Task details. Reproduce the whole of the records exactly, and make sure no picture is carried into the result.

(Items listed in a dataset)
★ ★ ★ ★

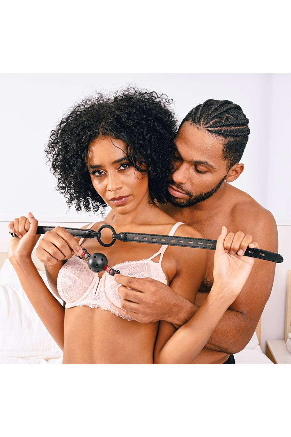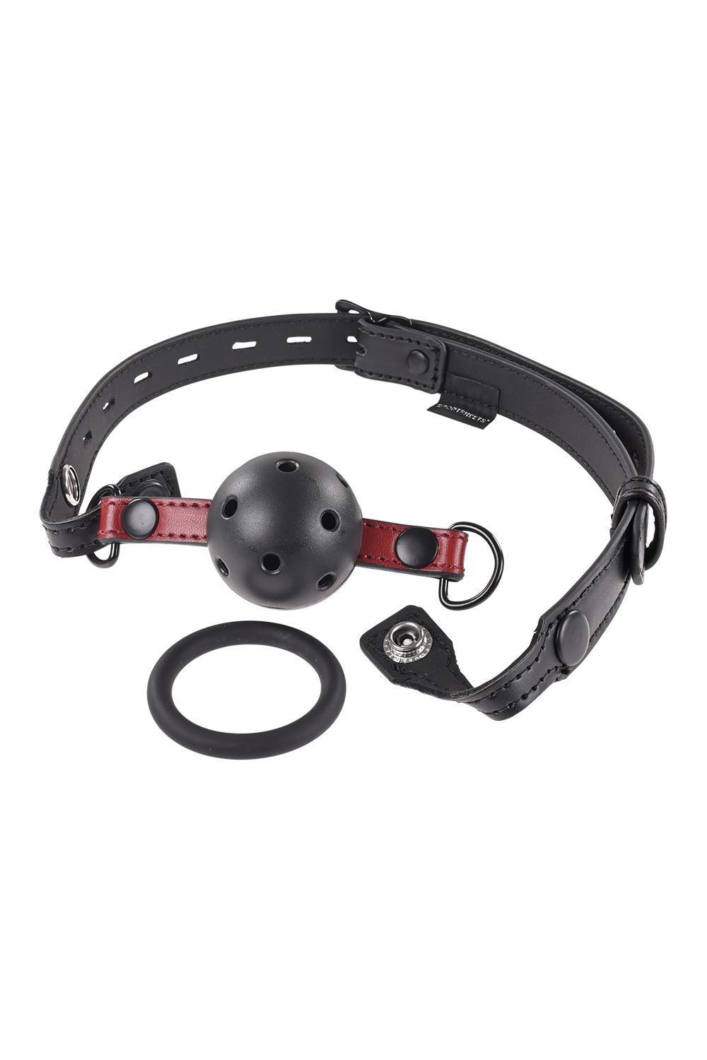 Add the “shhhh” to sultry with bright scarlet accents on a black satin finish. Luxurious faux leather and your choice of bite ring or breathable ball gag make the Saffron Interchangeable Gag a versatile must-have for any bondage collection. Simply unsnap each side of the gag to change out pieces for multiple ways to play.Equipped with interchangeable bite piecesHigh-quality, vegan leather design for added durabilityAdjustable buckle for a secure fitMaterial: PU Leather / Iron / Silicone / ABS Plastic
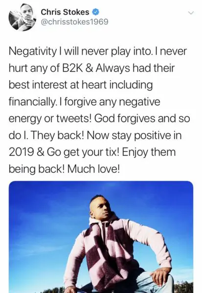 “Negativity I will never play into. I never hurt anybody in B2K & Always had their best interest at heart including financially. I forgive any negative energy or tweets! God forgives and so do I. They back! Now stay positive in 2019 & Go get your tix! Enjoy them being back! Much love!”
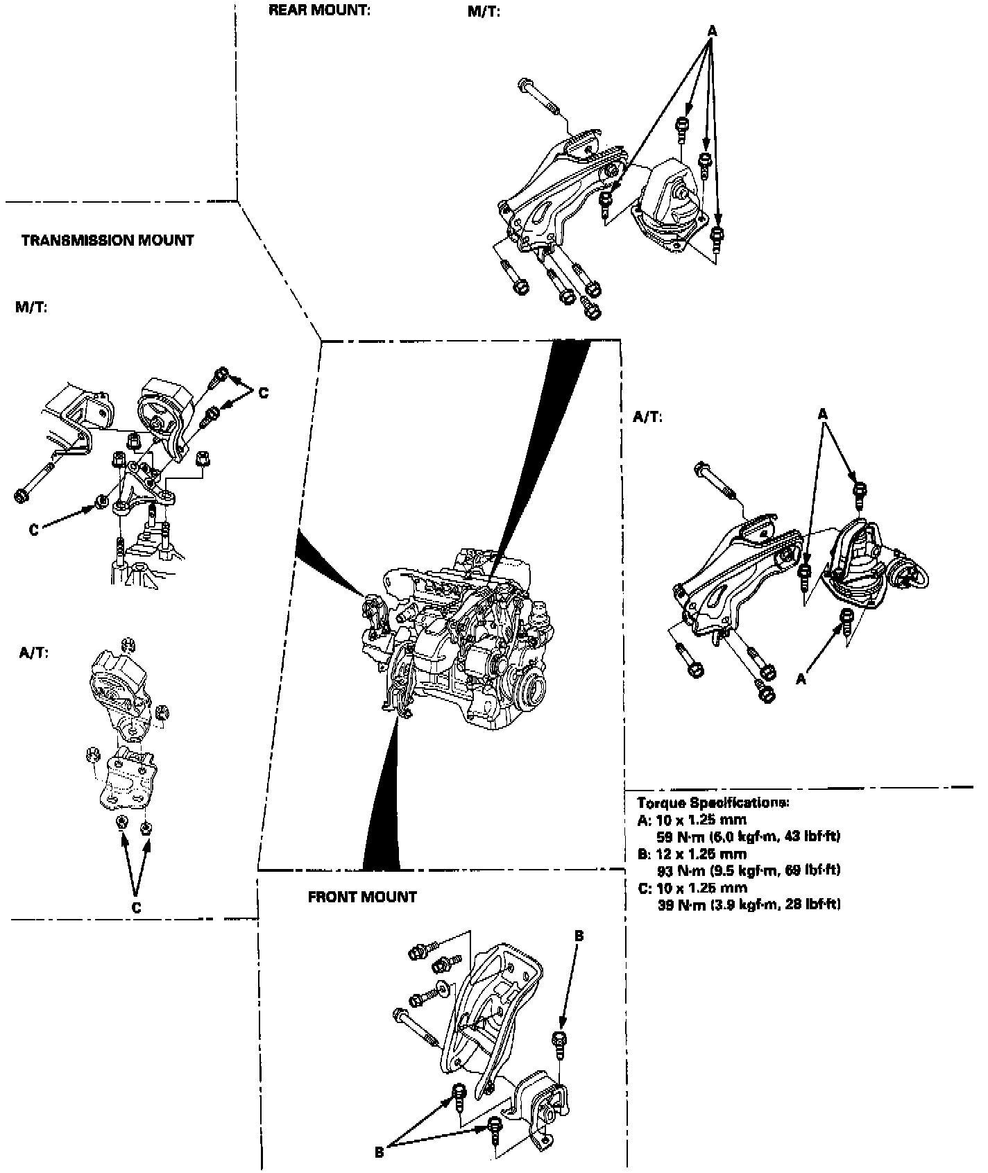 8. Tighten the nuts on the transmission mount.
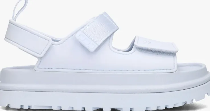 Stap in stijl met de UGG K GOLDENGLOW sandalen! Deze sandalen zijn gemaakt van lichtblauw leer en hebben drie klittenband sluitingen waardoor je ‘m gemakkelijk naar de gewenste breedte kunt verstellen. Opvallend is de aantreklus aan de hiel en het merkembleem op de voorvoet en achterop de zool. De binnenvoering is gemaakt van textiel en heeft een rubber voetbed. De zool is ook van rubber en heeft het welkbekend ugg logo. Combineer ze met een zomerjurkje of een trendy jumpsuit voor een complete look. Met de UGG K GOLDENGLOW sandalen ben je klaar voor elke zomerse gelegenheid!
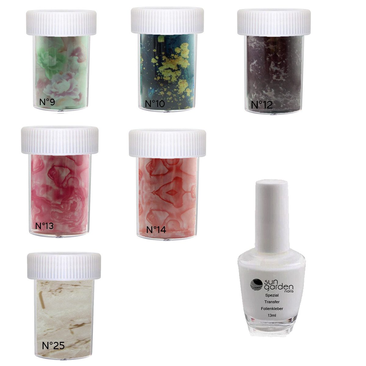 6x Transfer Folien, 1 x Nagelfolienkleber Spezial

★ ★ ★ ★

Exercise response.
 Add the “shhhh” to sultry with bright scarlet accents on a black satin finish. Luxurious faux leather and your choice of bite ring or breathable ball gag make the Saffron Interchangeable Gag a versatile must-have for any bondage collection. Simply unsnap each side of the gag to change out pieces for multiple ways to play.Equipped with interchangeable bite piecesHigh-quality, vegan leather design for added durabilityAdjustable buckle for a secure fitMaterial: PU Leather / Iron / Silicone / ABS Plastic
 “Negativity I will never play into. I never hurt anybody in B2K & Always had their best interest at heart including financially. I forgive any negative energy or tweets! God forgives and so do I. They back! Now stay positive in 2019 & Go get your tix! Enjoy them being back! Much love!”
 8. Tighten the nuts on the transmission mount.
 Stap in stijl met de UGG K GOLDENGLOW sandalen! Deze sandalen zijn gemaakt van lichtblauw leer en hebben drie klittenband sluitingen waardoor je ‘m gemakkelijk naar de gewenste breedte kunt verstellen. Opvallend is de aantreklus aan de hiel en het merkembleem op de voorvoet en achterop de zool. De binnenvoering is gemaakt van textiel en heeft een rubber voetbed. De zool is ook van rubber en heeft het welkbekend ugg logo. Combineer ze met een zomerjurkje of een trendy jumpsuit voor een complete look. Met de UGG K GOLDENGLOW sandalen ben je klaar voor elke zomerse gelegenheid!
 6x Transfer Folien, 1 x Nagelfolienkleber Spezial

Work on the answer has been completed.